» **YOUR ASSIGNMENT**:
Reproduce precisely the lines of the listing below, starting with the line that contains "Dana digunakan untuk" and stopping after the line that contains "Mechanika nélküli prémium"; include nothing else.

» **DATA UNDER STUDY**:
%%
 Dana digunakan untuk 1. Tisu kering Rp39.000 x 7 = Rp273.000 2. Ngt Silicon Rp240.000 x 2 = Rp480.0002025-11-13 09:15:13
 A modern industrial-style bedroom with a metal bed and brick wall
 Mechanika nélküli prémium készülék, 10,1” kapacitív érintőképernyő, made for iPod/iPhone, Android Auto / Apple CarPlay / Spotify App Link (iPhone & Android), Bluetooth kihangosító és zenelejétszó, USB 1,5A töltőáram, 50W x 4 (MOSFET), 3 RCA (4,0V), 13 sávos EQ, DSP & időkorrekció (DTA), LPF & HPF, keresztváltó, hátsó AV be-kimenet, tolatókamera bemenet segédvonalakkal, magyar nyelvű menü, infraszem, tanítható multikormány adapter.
%%
%%
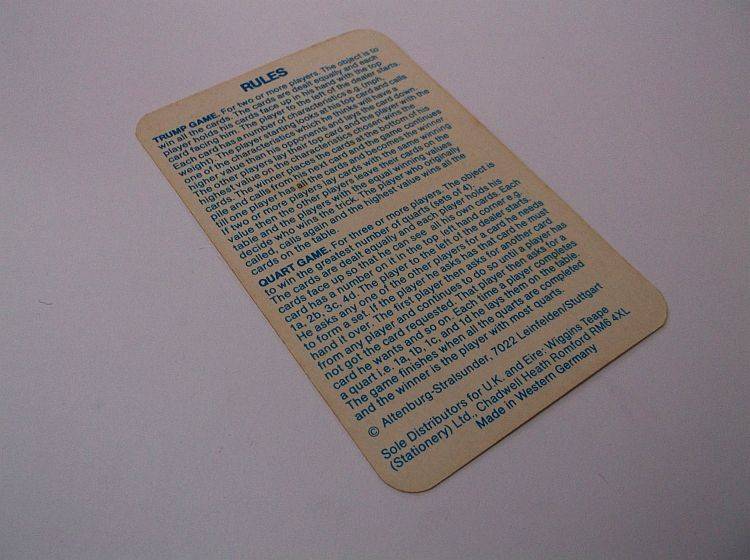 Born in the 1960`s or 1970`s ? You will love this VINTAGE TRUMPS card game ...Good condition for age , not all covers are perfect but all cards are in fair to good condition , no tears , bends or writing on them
%%
%%
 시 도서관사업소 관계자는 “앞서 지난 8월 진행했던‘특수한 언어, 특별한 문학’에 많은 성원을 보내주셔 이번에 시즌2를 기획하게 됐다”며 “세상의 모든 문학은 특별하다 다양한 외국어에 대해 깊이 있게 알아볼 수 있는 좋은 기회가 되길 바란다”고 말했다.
%%
» **TASK ANSWER**:
 Dana digunakan untuk 1. Tisu kering Rp39.000 x 7 = Rp273.000 2. Ngt Silicon Rp240.000 x 2 = Rp480.0002025-11-13 09:15:13
 A modern industrial-style bedroom with a metal bed and brick wall
 Mechanika nélküli prémium készülék, 10,1” kapacitív érintőképernyő, made for iPod/iPhone, Android Auto / Apple CarPlay / Spotify App Link (iPhone & Android), Bluetooth kihangosító és zenelejétszó, USB 1,5A töltőáram, 50W x 4 (MOSFET), 3 RCA (4,0V), 13 sávos EQ, DSP & időkorrekció (DTA), LPF & HPF, keresztváltó, hátsó AV be-kimenet, tolatókamera bemenet segédvonalakkal, magyar nyelvű menü, infraszem, tanítható multikormány adapter.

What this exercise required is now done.